Required action
Look below for the lines from the one with "Krásne nové tricko" to the one with "- Имя держателя", and copy exactly those lines, both ends included.

Start of Block

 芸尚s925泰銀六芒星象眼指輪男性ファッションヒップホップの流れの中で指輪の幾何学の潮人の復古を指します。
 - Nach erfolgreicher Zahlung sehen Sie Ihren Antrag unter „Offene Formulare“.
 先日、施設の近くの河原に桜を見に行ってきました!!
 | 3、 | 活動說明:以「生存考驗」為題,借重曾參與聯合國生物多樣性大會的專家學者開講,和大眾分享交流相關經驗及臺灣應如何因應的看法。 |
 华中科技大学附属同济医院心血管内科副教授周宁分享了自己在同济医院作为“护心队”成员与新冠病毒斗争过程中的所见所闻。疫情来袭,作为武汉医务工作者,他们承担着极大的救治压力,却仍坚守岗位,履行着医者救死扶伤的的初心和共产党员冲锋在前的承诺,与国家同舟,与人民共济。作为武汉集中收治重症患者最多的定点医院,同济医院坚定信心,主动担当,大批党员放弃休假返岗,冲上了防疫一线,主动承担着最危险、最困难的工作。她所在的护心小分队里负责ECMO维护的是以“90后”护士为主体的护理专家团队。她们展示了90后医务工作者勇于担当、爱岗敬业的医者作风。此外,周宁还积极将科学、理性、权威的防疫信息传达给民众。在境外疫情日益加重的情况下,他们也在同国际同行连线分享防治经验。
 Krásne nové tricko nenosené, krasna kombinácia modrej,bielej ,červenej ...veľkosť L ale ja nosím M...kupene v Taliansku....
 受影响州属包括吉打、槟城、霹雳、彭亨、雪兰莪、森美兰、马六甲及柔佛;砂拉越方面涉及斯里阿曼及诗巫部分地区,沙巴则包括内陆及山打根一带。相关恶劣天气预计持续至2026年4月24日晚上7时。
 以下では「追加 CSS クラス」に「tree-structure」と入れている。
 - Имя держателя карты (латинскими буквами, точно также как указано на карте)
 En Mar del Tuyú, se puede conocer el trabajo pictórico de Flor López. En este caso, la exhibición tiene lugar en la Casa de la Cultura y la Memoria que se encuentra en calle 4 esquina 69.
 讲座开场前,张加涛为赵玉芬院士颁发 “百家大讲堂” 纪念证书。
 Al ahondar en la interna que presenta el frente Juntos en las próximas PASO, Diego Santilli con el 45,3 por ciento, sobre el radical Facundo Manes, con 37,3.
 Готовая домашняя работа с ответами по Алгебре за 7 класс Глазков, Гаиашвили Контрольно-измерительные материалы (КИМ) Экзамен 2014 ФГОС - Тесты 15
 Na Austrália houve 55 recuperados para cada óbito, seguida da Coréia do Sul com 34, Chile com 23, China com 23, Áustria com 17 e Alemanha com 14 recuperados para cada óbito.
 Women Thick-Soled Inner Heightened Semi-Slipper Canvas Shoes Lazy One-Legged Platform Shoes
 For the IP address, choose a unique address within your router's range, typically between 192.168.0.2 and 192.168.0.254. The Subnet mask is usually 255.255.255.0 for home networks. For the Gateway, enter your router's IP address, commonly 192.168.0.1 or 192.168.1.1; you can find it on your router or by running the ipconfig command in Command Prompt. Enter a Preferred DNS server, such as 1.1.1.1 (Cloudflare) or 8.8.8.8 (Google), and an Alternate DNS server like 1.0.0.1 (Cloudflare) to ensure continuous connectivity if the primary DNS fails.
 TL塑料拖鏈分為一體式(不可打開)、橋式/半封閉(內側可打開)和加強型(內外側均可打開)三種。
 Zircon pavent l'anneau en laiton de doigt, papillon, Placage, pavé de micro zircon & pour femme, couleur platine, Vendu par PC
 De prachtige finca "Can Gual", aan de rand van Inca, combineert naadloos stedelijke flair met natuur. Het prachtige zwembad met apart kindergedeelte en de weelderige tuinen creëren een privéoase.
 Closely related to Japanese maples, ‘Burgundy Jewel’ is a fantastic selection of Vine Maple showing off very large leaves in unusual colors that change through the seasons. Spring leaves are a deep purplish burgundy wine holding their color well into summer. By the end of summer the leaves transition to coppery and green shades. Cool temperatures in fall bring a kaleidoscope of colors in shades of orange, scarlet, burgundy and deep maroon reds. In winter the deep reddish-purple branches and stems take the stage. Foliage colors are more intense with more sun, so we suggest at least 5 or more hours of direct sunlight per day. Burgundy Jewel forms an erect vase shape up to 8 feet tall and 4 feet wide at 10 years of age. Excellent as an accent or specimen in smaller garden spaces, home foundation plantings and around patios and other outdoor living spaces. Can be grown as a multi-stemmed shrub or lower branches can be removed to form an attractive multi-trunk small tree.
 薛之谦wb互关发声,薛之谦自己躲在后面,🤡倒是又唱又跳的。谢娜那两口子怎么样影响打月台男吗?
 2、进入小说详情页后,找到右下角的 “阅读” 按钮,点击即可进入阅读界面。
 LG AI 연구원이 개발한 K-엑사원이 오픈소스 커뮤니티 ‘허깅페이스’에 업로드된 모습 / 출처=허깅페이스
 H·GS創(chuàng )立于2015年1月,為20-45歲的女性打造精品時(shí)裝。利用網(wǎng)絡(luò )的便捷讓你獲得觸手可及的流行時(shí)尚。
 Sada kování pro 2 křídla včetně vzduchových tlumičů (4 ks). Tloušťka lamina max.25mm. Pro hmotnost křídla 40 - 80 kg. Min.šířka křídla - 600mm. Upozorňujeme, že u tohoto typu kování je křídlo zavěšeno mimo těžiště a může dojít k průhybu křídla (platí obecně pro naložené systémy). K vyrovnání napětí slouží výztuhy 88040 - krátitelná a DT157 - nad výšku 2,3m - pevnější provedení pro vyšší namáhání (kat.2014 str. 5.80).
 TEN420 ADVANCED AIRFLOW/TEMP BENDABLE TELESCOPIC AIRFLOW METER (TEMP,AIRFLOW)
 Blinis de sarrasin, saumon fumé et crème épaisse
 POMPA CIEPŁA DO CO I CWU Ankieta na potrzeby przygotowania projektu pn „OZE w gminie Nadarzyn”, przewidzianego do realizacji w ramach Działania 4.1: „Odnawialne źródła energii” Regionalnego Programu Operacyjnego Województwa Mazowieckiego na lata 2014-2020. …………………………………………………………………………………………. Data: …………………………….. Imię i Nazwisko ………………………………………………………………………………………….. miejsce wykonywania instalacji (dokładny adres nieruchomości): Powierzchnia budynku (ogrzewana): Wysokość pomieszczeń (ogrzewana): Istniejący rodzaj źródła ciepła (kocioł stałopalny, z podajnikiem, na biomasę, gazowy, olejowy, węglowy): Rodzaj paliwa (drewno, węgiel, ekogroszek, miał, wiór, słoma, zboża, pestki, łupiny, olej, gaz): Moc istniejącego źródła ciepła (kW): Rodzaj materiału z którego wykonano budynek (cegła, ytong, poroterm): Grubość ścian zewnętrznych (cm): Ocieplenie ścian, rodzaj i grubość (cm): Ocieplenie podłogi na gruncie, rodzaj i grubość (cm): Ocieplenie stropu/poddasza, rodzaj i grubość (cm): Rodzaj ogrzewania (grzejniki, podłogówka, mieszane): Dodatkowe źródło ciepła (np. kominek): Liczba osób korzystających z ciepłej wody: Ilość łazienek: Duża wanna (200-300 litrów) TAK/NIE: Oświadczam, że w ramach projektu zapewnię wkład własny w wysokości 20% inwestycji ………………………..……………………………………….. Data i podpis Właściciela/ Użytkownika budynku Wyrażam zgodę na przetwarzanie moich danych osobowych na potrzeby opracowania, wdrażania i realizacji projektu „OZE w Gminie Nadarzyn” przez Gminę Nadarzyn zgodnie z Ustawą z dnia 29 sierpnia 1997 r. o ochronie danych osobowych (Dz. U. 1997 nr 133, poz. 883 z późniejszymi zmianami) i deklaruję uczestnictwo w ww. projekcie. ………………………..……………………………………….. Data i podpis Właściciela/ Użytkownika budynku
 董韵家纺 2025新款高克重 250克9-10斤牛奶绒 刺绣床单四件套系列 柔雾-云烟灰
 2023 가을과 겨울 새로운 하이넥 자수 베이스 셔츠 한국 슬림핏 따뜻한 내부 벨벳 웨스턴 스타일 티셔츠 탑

End of Block

Solution for this exercise
 Krásne nové tricko nenosené, krasna kombinácia modrej,bielej ,červenej ...veľkosť L ale ja nosím M...kupene v Taliansku....
 受影响州属包括吉打、槟城、霹雳、彭亨、雪兰莪、森美兰、马六甲及柔佛;砂拉越方面涉及斯里阿曼及诗巫部分地区,沙巴则包括内陆及山打根一带。相关恶劣天气预计持续至2026年4月24日晚上7时。
 以下では「追加 CSS クラス」に「tree-structure」と入れている。
 - Имя держателя карты (латинскими буквами, точно также как указано на карте)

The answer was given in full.